На континентальных соревнованиях все клубы получают одинаковое количество очков не зависимо от стадии турнира и силы лиги, которую представляют клуб. Однако Лига чемпионов УЕФА и её южноамериканский аналог Кубок Либертадорес приносят больше очков чем Кубок УЕФА и Копа Судамерикана. Для клубов Океании, Азии, КОНКАКАФ и Африки количество очков значительно ниже, чем у Европы и Южной Америки. Межконтинентальные соревнования оцениваются в зависимости от важности турнира, матчи не организованные континентальной федерацией и не признанные ФИФА не учитываются.

----------


## Akasey

*"Челси" на год запретили покупать новых игроков*

Руководство ФИФА запретило английскому футбольному клубу "Челси" покупать новых игроков в течение двух трансферных окон, сообщает Sky News. Такую меру в ФИФА решили избрать в качестве наказания для "Челси" за подталкивание одного из французских футболистов к разрыву контракта со своей командой ради английского клуба. 

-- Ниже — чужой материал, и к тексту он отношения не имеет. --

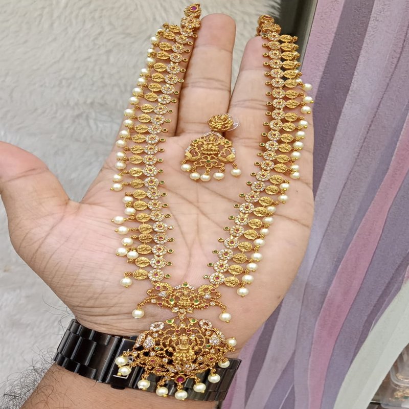 TRADITIONAL ANTIQUE HARAM WITH RUBY AND EMERALD STONES SOUTH INDIAN NECKLACE SET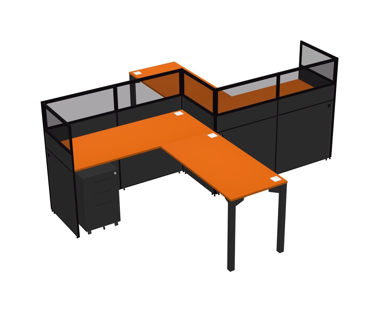 Orange L-shape Cubicle Workstations For 2 - Zigzag Formation + Black Metal Mobile Drawers + Panel Return
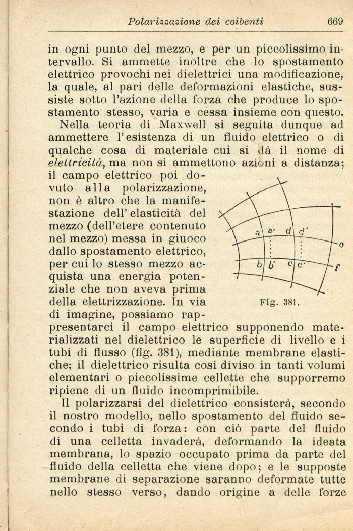Nella teoria di Maxwell si seguita dunque ad ammettere l'esistenza di un fluido elettrico o di qualche cosa di materiale cui si ria il nome di elettricità, ma non si ammettono azioni a distanza; il campo elettrico poi dovuto alla polarizzazione, non è altro che la manifestazione dell' elasticità del mezzo (dell'etere contenuto nel mezzo) messa in giuoco dallo spostamento elettrico, per cui lo stesso mezzo acquista una energia potenziale che non aveva prima della elettrizzazione. In via Fig. 381.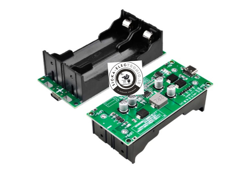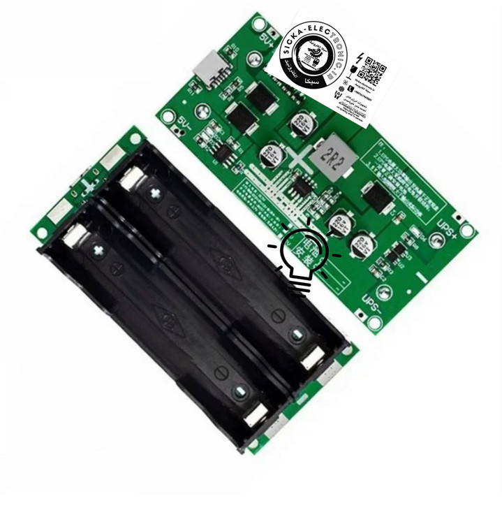 - ماژول مجهز به دو جاباتری سایز 18650، یک پورت شارژ تایپ سی و یا یک ورودی مستقیم 5 ولت DC برای شارژ باتری لیتیومی است.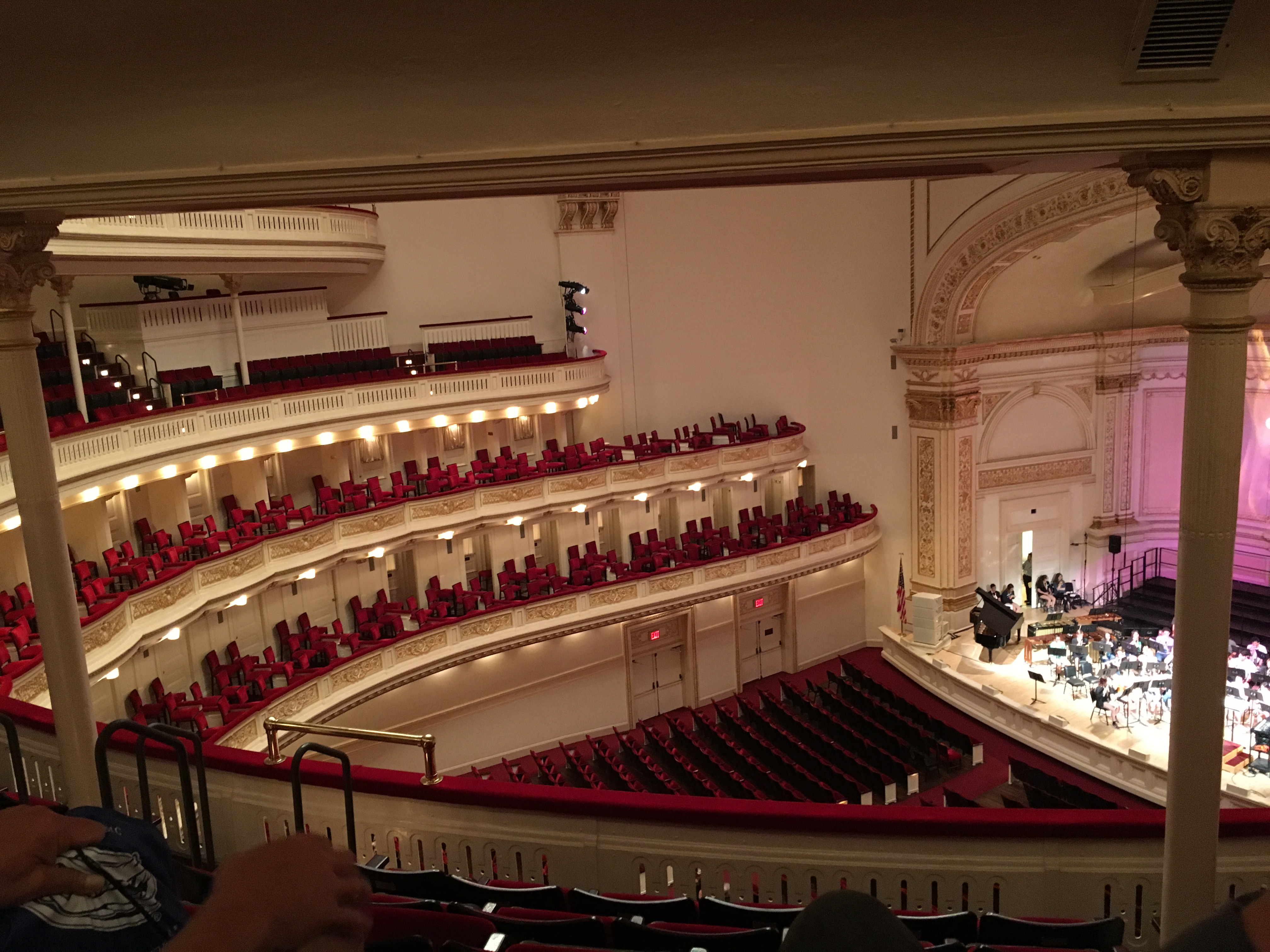 Red upholstered seats in Carnegie Hall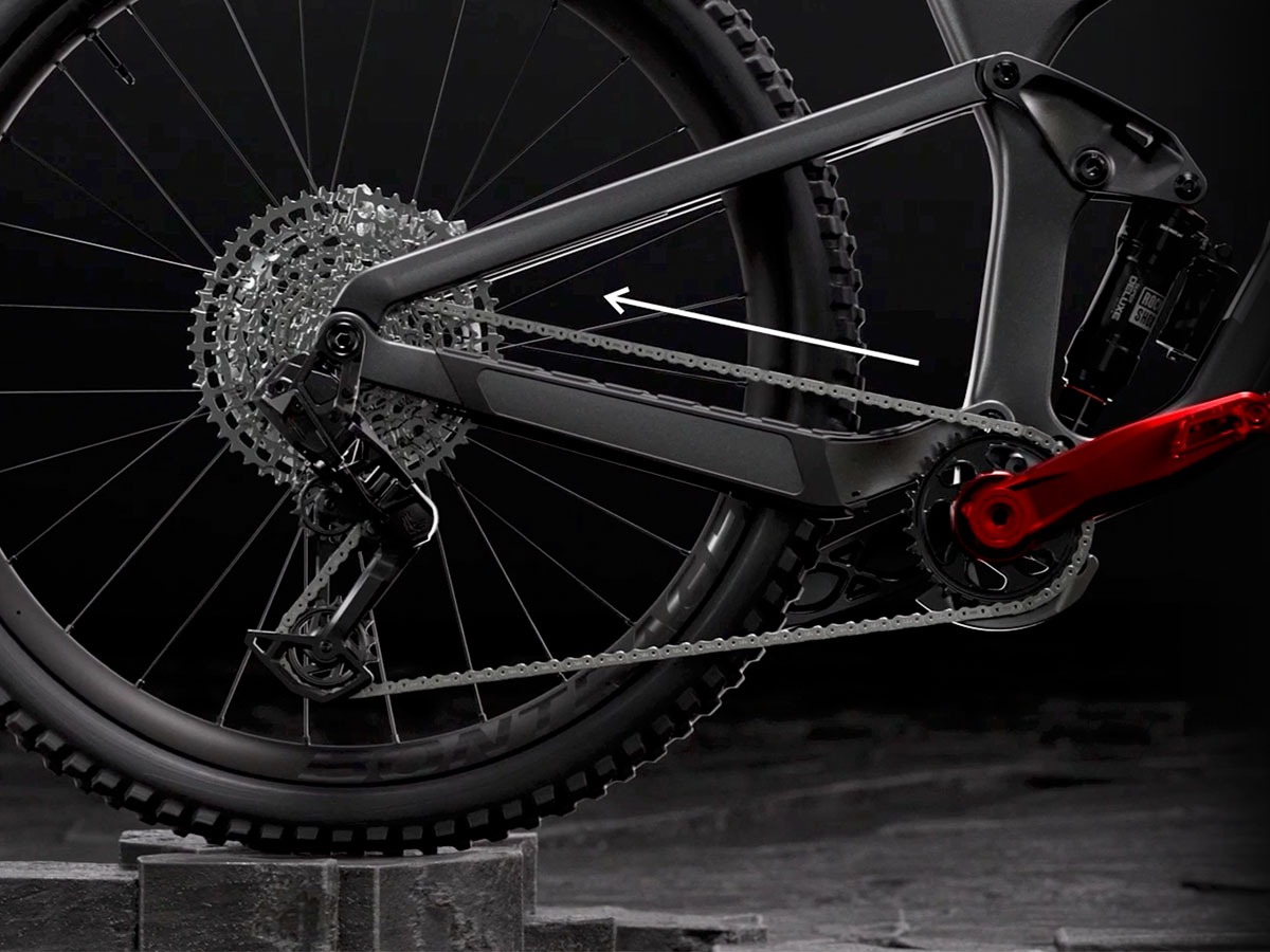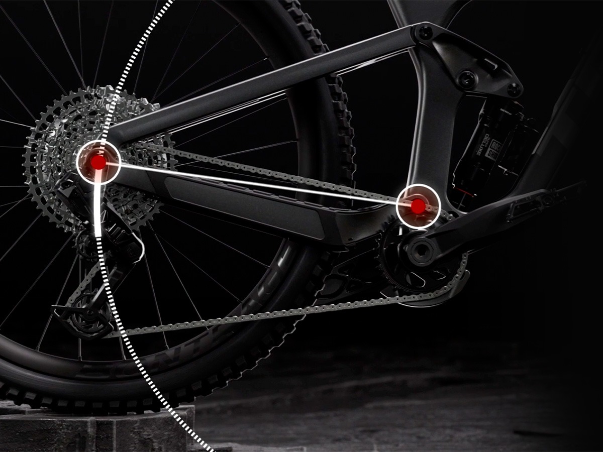 Because rearward axle paths increase the distance between cranks and cogs, the chain pulls back on the pedals. That causes pedal kickback that's harsh on your legs, and the chain tension can counteract your suspension movement.

"Челси" и футболиста французского клуба "Ланс" Гаэля Какуту (Gael Kakuta ) посчитали виновными в нарушении одного из правил ФИФА, которое запрещает любой команде подписывать контракт с игроком, оставившим свой предыдущий клуб без убедительной причины. Согласно решению ФИФА, "Челси" сможет пополнить свой состав новыми игроками только в январе 2011 года. 

Помимо запрета на участие в трансферах Палата по разрешению споров наложила на "Челси" и Какуту штраф в размере 680 тысяч фунтов стерлингов. Также английский клуб заплатит "Лансу" 114 тысяч фунтов в качестве компенсации за расходы на тренировку игрока. 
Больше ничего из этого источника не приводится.